TASK TO CARRY OUT
Return the lines of the data below starting at the one holding "- Espera a que" and ending at the one holding "7月25日,马队在开幕式上进", word for word, leaving every picture out.

──────── DATA EXTRACTS

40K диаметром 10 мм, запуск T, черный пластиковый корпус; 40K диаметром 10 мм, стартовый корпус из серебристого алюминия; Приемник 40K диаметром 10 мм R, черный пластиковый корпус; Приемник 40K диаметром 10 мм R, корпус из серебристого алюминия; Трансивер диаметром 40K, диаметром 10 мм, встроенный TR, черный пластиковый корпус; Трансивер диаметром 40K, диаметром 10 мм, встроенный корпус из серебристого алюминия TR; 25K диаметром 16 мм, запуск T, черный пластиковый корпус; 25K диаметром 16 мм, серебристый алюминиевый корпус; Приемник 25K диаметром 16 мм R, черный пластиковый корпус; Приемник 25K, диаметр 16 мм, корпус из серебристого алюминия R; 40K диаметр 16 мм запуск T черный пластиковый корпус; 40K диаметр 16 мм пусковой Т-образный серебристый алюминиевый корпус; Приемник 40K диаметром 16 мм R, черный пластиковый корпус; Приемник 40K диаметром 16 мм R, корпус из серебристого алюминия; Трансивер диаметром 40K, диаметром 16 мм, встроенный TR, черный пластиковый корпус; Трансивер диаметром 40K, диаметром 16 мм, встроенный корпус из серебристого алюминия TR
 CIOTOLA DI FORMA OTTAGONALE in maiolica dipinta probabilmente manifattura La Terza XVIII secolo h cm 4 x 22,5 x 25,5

────────────────
──────── DATA EXTRACTS

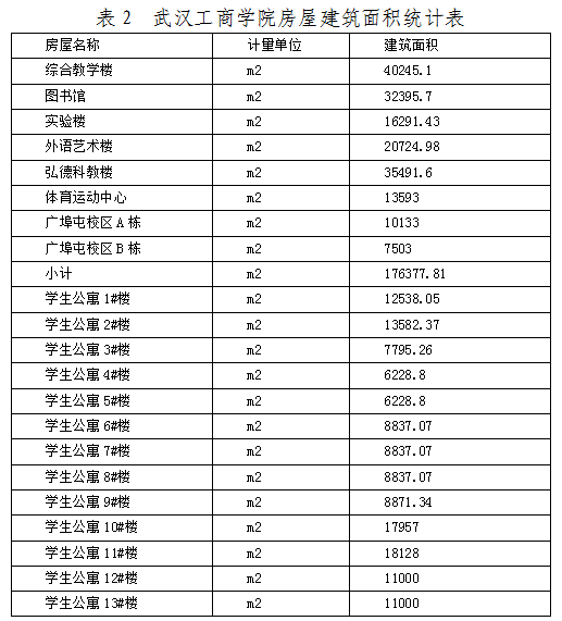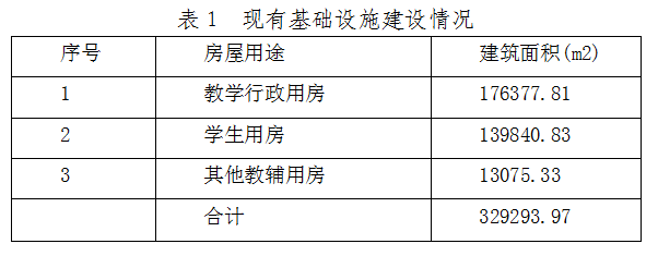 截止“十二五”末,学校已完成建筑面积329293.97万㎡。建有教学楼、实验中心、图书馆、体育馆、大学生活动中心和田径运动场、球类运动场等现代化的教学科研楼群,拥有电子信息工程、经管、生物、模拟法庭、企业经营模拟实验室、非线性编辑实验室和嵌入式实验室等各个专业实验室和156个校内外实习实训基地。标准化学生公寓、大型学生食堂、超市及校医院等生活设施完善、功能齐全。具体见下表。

────────────────
──────── DATA EXTRACTS

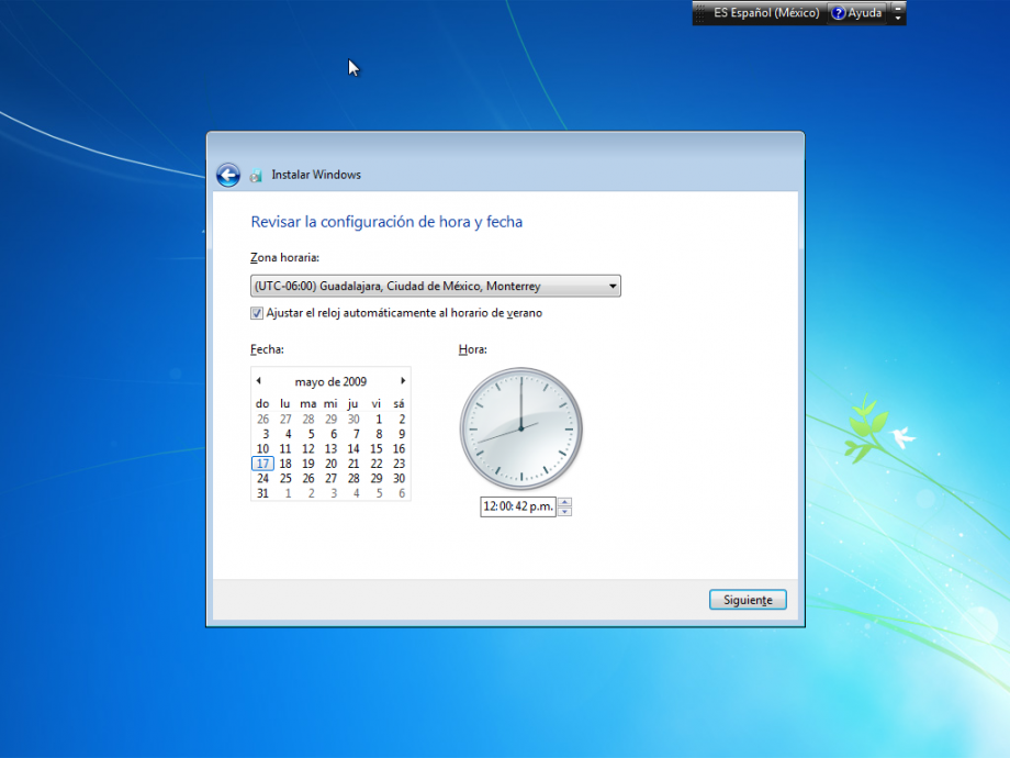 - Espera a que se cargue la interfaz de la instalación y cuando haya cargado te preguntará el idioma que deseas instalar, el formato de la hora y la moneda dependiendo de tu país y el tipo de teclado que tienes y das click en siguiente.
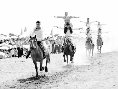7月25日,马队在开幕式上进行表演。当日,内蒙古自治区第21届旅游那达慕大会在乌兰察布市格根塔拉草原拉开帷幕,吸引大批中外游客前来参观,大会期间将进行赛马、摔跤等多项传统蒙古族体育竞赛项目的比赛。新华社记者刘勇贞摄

────────────────

TASK ANSWER
 - Espera a que se cargue la interfaz de la instalación y cuando haya cargado te preguntará el idioma que deseas instalar, el formato de la hora y la moneda dependiendo de tu país y el tipo de teclado que tienes y das click en siguiente.
7月25日,马队在开幕式上进行表演。当日,内蒙古自治区第21届旅游那达慕大会在乌兰察布市格根塔拉草原拉开帷幕,吸引大批中外游客前来参观,大会期间将进行赛马、摔跤等多项传统蒙古族体育竞赛项目的比赛。新华社记者刘勇贞摄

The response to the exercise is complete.